We see that the top 5 rankings by the three criteria have some overlaps and there are nine types of weather events that appear on these rankings.
##prepare the dataset for plotting by subsetting for the nine focus event types and reshape dataset to long format
top_econ_damage <- subset(storm_econ_bytype, EVTYPE %in% TopEvents_econ)
##convert the dollar amount to million
top_econ_damage$property_total_M <- top_econ_damage$property_total/1000000
top_econ_damage$crop_total_M <- top_econ_damage$crop_total/1000000
top_econ_damage$money_total_M <- top_econ_damage$money_total/1000000
top_econ_long <- top_econ_damage %>%
pivot_longer(cols=c("property_total_M", "crop_total_M", "money_total_M"), names_to = "damage", values_to = "million")
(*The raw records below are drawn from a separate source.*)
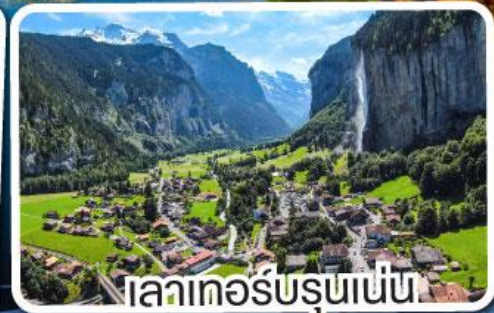
ลาเทอรับรุเนน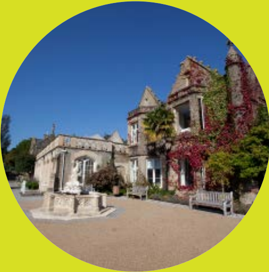
Campws Parc Singleton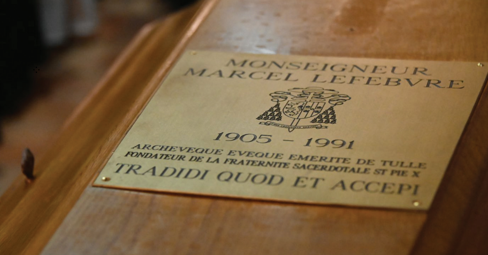
De kist van Mgr. Lefebvre in de crypte van de kerk van het Onbevleete Hart van Maria te Ecône.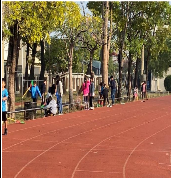
說明:學生參與校園美化綠化工作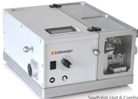
SawPolish Unit 6 Comfort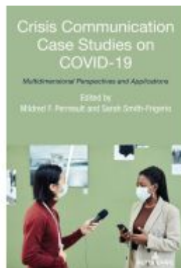
Crisis Communication Case Studies on COVID-19 Ladenpreis: 44,00EUR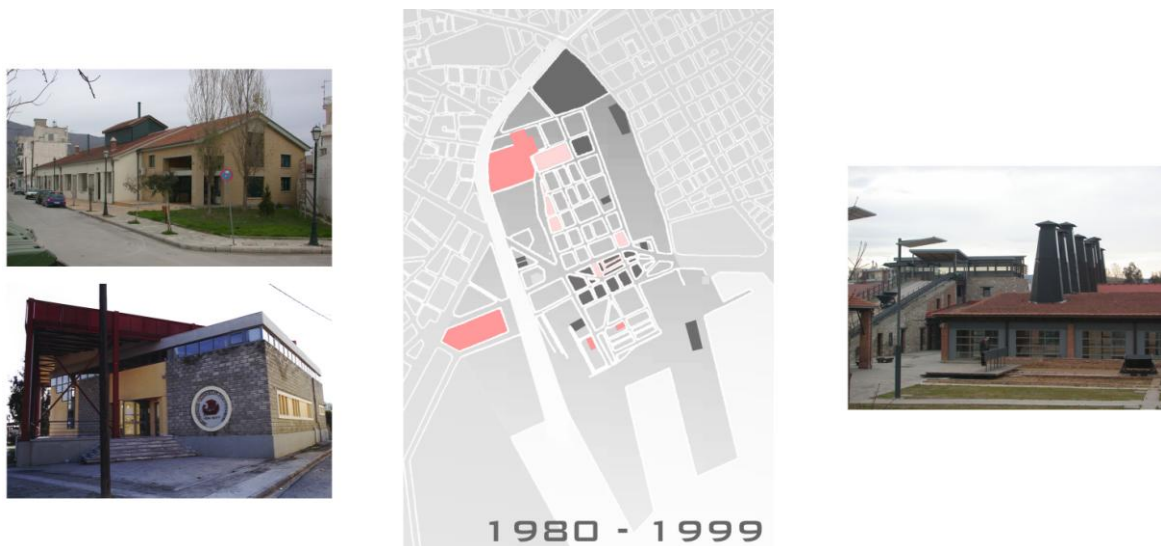
Σχήμα 4. Οι βιομηχανίες που επαναχρησιμοποιήθηκαν στην περιοχή μελέτης σημειώνονται με κόκκινο χρώμα και με γκριζο αυτές που δεν έχουν παραλάβει νέα χρήση. Με ροζ σημειώνονται οι αστικές αναπλάσεις. (σχέδιο, φωτογραφίες Ε. Μπουμπάρη)

Οι αρχές της δεκαετίας του 1980 θεωρούνται κρίσιμη περίοδος για την Ελλάδα, μιας και είναι το τέλος της πρώτης δεκαετίας της μεταπολίτευσης. Εκτός αυτού, είναι η περίοδος όπου ο Βόλος, όπως πολλές άλλες βιομηχανικές πόλεις σε όλη την Ευρώπη, πέρασε την κρίση της αποβιομηχάνισης, με όλες τις σχετικές οικονομικές, χωρικές και κοινωνικο-οικονομικές συνέπειες (Mommias, 2009). Ως στρατηγική ανάκαμψης, στα μέσα της δεκαετίας, και μέσα από την έγκριση του νέου ΓΠΣ του πολεοδομικού συγκροτήματος του Βόλου, προβλέφθηκαν και πραγματοποιήθηκαν κάποιες σημαντικές αλλαγές για την περιοχή. Η σημαντικότερη πρόταση του ΓΠΣ ήταν η χωροθέτηση των πανεπιστημιακών εγκαταστάσεων κυρίως στο δυτικό τμήμα της πόλης. Πρόκειται για μια μέθοδο εξυγίανσης υποβαθμισμένων πρώην βιομηχανικών περιοχών η οποία συναντάται σε όλη την Ευρώπη τη συγκεκριμένη περίοδο, με χαρακτηριστικά τα παραδείγματα των Chemnitz, Lodz, Tampere και Enschede που συνέδεσαν άμεσα τη στρατηγική ανάκαμψής τους με τη δημιουργία πολυτεχνικών σχολών (Mommias, 2009) όπως έγινε και στο Βόλο. Το Πανεπιστήμιο Θεσσαλίας ακολούθησε πιστά το πρόγραμμα ανάπτυξης μέσω της επανάχρησης εγκαταλειμμένων βιομηχανικών τόπων μέσα στην πόλη και βοήθησε σημαντικά στην αναζωογόνηση υποβαθμισμένων μέχρι τότε περιοχών. Χαρακτηριστικό παράδειγμα αποτελεί η εγκατάστασή του στο πρώην μηχανουργείο Παπαρήγα (1889-1984), στο Πεδίο του Άρεως το οποίο βρίσκεται δυτικά των Παλαιών αλλά και η εγκατάσταση της πρυτανείας στο κέντρο της πόλης (Καπναποθήκη Παπαστράτου).

To show the harms to population health by severe weather events, we can make a clustered bar plots of the top event types that caused the most death, injuries or combined casualties.
##arrange order of clustered bars to display in order of 1.fatalities, 2.injuries, 3.combined casualties
top_population_long$harm <- factor(top_population_long$harm, levels = c("fatalities_total", "injuries_total", "casualties_total"))
##create clustered barplot
library(ggplot2)
g1 <- ggplot(top_population_long, aes(x=EVTYPE, y=total_number, fill=harm))
g1+geom_bar(stat="identity", position="dodge") +
labs(x="Events", y="Total Number", fill="Color Legend", title = "Top Harmful Weather Events for Population Health") +
scale_fill_discrete(labels = c("Fatalities", "Injuries", "Combined Casualties")) +
theme_minimal()+
theme(axis.text.x = element_text(angle = 45, hjust = 1),
legend.key.size = unit(0.3,"cm"))
From this barplot, it is apparent that Tornados caused overwhelming the most deaths and injuries among all severe weather events, and therefore is the most harmful to population health.
To show the economic damages by severe weather events, we can make a clustered bar plots of the top event types that caused the most properties, crops and combined damages. The damage amount is shown in million dollars.
##arrange order of clustered bars to display in order of 1.property damages, 2.crop damages, 3.combined monetary damages
top_econ_long$damage <- factor(top_econ_long$damage, levels = c("property_total_M", "crop_total_M", "money_total_M"))
##create clustered barplot
g2 <- ggplot(top_econ_long, aes(x=EVTYPE, y=million, fill=damage))
g2 + geom_bar(stat="identity", position="dodge") +
labs(x="Events", y="Total Damage (million dollars)", fill="Damages", title="Top Damaging Weather Events for Economic Loss ") +
scale_fill_discrete(labels = c("Properties", "Crops","Combined Loss" )) +
theme_minimal()+
theme(axis.text.x = element_text(angle = 45, hjust = 1), legend.key.size = unit(0.3,"cm"))
From this barplot, it is apparent that floods caused caused the heaviest economic impact among all severe weather events, and this was mostly driven by the enormous property damages. Droughts, while caused less damages to properties, are the most severe events for agricultural losses.